- [Requirement]: In the listing that follows, give every line again exactly and omit the pictures.

- [Stored data]:
┌────────
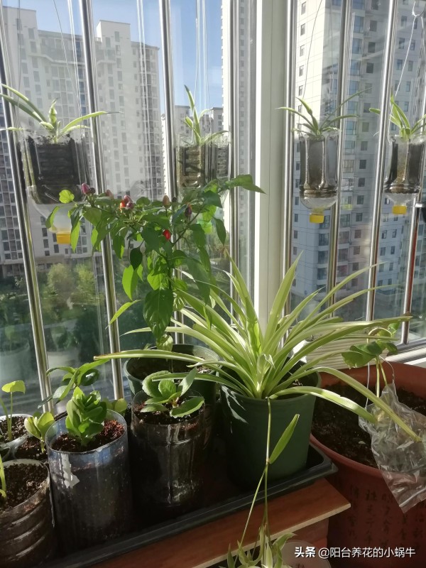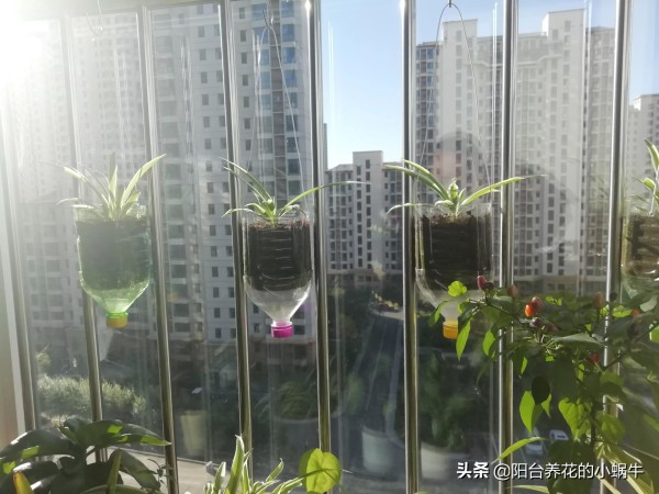 饮料瓶子可以养吊兰,或者养扦插成活的小苗,可以做成水培绿萝,悬挂起来,阳台还不占地方。
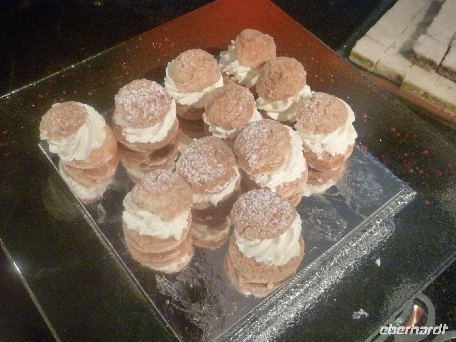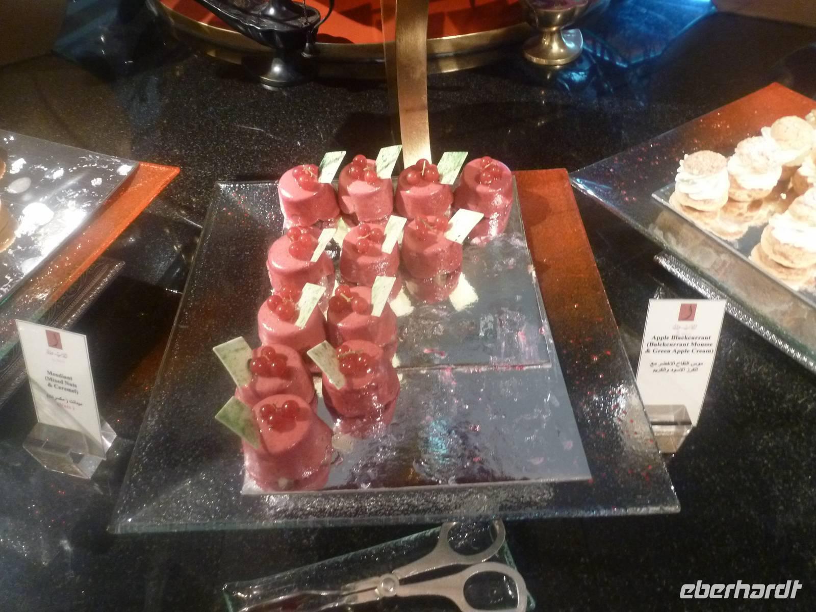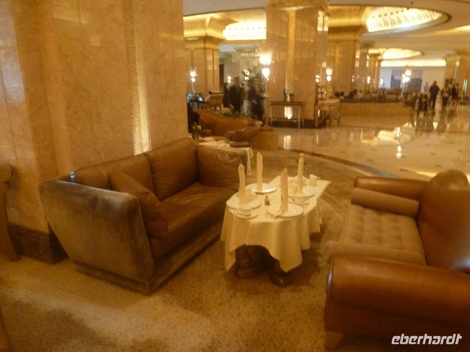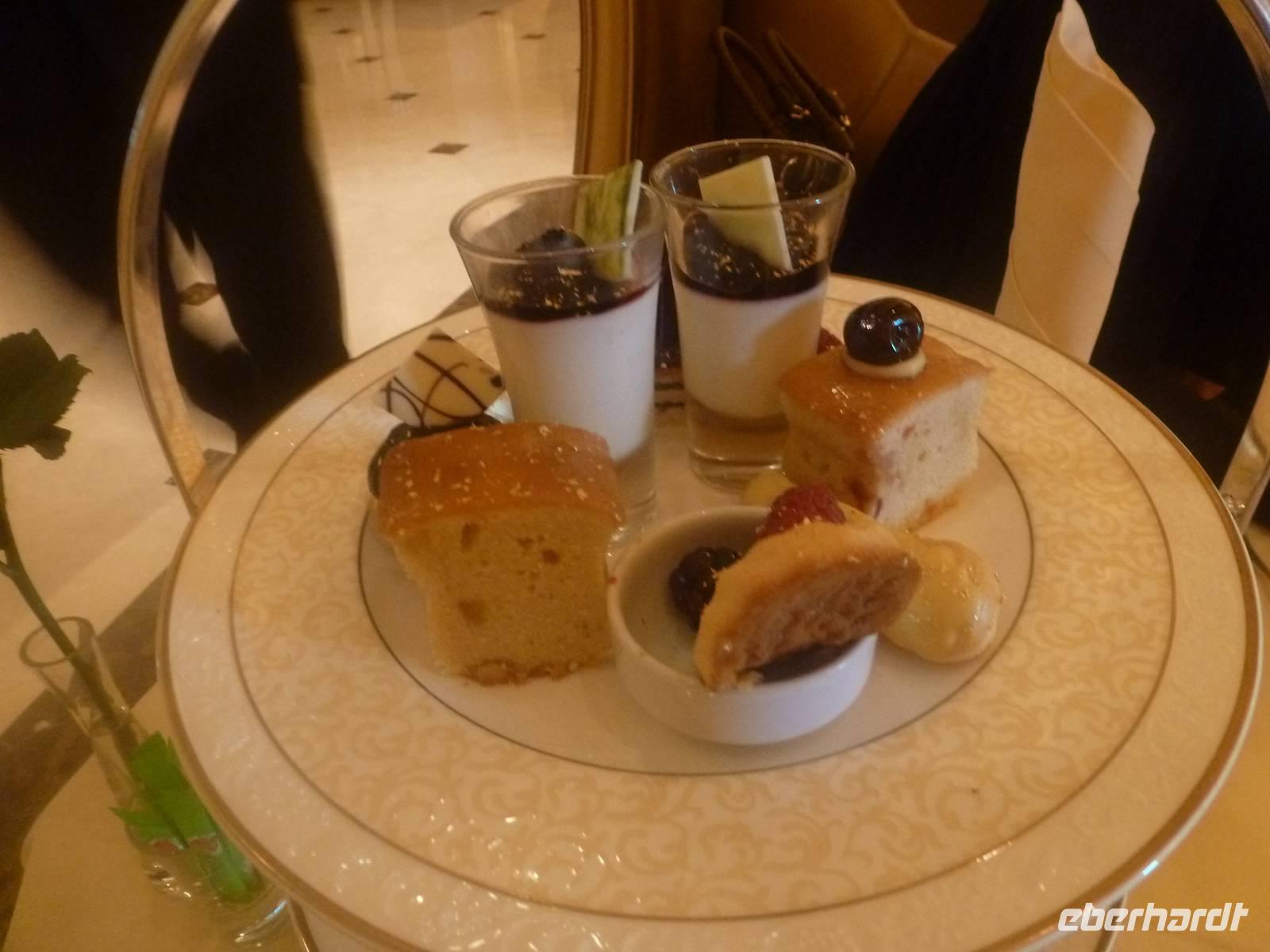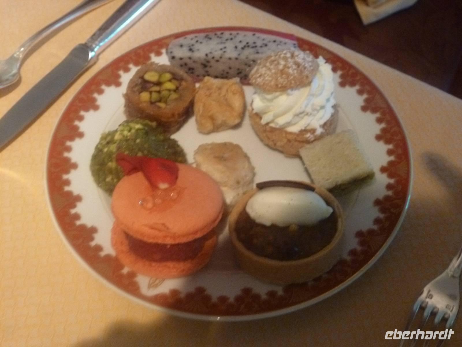 Danach konnten wir es kaum erwarten zum märchenhaften Luxushotel Emirates Palace zu kommen. Schon von Weitem staunen wir über das mächtige Anwesen und fühlen uns auf einmal ganz klein. Ein Eingangstor wie eine altarabische Zugbrücke, Springbrunnen und Freitreppen wie in einem französischen Schloss. Der Hotelpalast wird gekrönt von 114 Kuppeln und blattvergoldeten Fluren. Es wirkt wie eine Mischung aus Hagia Sophia und Tadsch Mahal, gleichermaßen großartig wie entrückt. Elegant und stilvoll. Bevor wir zu unserer Tesstunde mit allerlei Köstlichkeiten eingeladen sind, schauen wir uns noch ein wenig um. Schon etwas hungrig machten wir uns anschließend auf zu unserer Teestunde. Hier bekamen wir viel mehr serviert, als wir essen konnten. Leckere Törtchen mit ausgelesenen Früchten, hausgemachte Butter und Marmelade sowie köstliche Häppchen mit Lachs und anderen Spezialitäten. Dazu wurde uns ständig frisch gebrühter Kaffee oder Tee gereicht. Ein bisschen fühlten wir uns schon wie kleine Stars. So genossen wir unseren "High Tee" und hofften, dass die Zeit nicht all zu schnell vergeht.
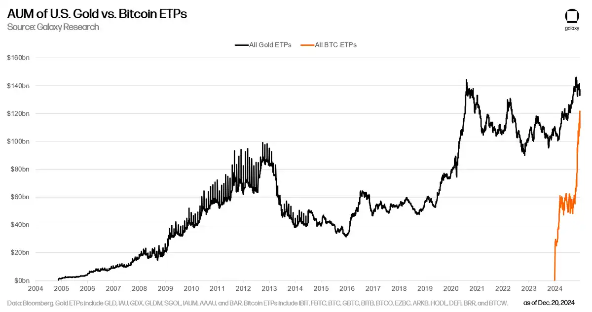 2024 年,比特币 ETP 产品吸引了超过 360 亿美元的净流入,成为历史上表现最好的 ETP 产品组合。许多全球顶级对冲基金(如 Millennium、Tudor 和 D.E. Shaw)都选择了比特币 ETP,而根据 13F 文件显示,威斯康星州投资委员会 (SWIB) 也持有相关仓位。短短一年内,比特币 ETP 的 AUM 距离超越美国所有实物黄金 ETP 的总规模仅差 240 亿美元(19%)。
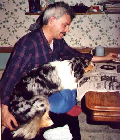 Fortunately, our Aussies can relate to our family on several different levels... from "find the kids," "bring the shoes," "clean up" (Dots' specialty), "catch the (snow) ball," "snuggle up,"...as well as all the usual Aussie antics. And in Dad and Dots' special relationship? - sharing supper, sharing the chair AND the newspaper .
└────────
- [Answer for the task]:
 饮料瓶子可以养吊兰,或者养扦插成活的小苗,可以做成水培绿萝,悬挂起来,阳台还不占地方。
 Danach konnten wir es kaum erwarten zum märchenhaften Luxushotel Emirates Palace zu kommen. Schon von Weitem staunen wir über das mächtige Anwesen und fühlen uns auf einmal ganz klein. Ein Eingangstor wie eine altarabische Zugbrücke, Springbrunnen und Freitreppen wie in einem französischen Schloss. Der Hotelpalast wird gekrönt von 114 Kuppeln und blattvergoldeten Fluren. Es wirkt wie eine Mischung aus Hagia Sophia und Tadsch Mahal, gleichermaßen großartig wie entrückt. Elegant und stilvoll. Bevor wir zu unserer Tesstunde mit allerlei Köstlichkeiten eingeladen sind, schauen wir uns noch ein wenig um. Schon etwas hungrig machten wir uns anschließend auf zu unserer Teestunde. Hier bekamen wir viel mehr serviert, als wir essen konnten. Leckere Törtchen mit ausgelesenen Früchten, hausgemachte Butter und Marmelade sowie köstliche Häppchen mit Lachs und anderen Spezialitäten. Dazu wurde uns ständig frisch gebrühter Kaffee oder Tee gereicht. Ein bisschen fühlten wir uns schon wie kleine Stars. So genossen wir unseren "High Tee" und hofften, dass die Zeit nicht all zu schnell vergeht.
 2024 年,比特币 ETP 产品吸引了超过 360 亿美元的净流入,成为历史上表现最好的 ETP 产品组合。许多全球顶级对冲基金(如 Millennium、Tudor 和 D.E. Shaw)都选择了比特币 ETP,而根据 13F 文件显示,威斯康星州投资委员会 (SWIB) 也持有相关仓位。短短一年内,比特币 ETP 的 AUM 距离超越美国所有实物黄金 ETP 的总规模仅差 240 亿美元(19%)。
 Fortunately, our Aussies can relate to our family on several different levels... from "find the kids," "bring the shoes," "clean up" (Dots' specialty), "catch the (snow) ball," "snuggle up,"...as well as all the usual Aussie antics. And in Dad and Dots' special relationship? - sharing supper, sharing the chair AND the newspaper .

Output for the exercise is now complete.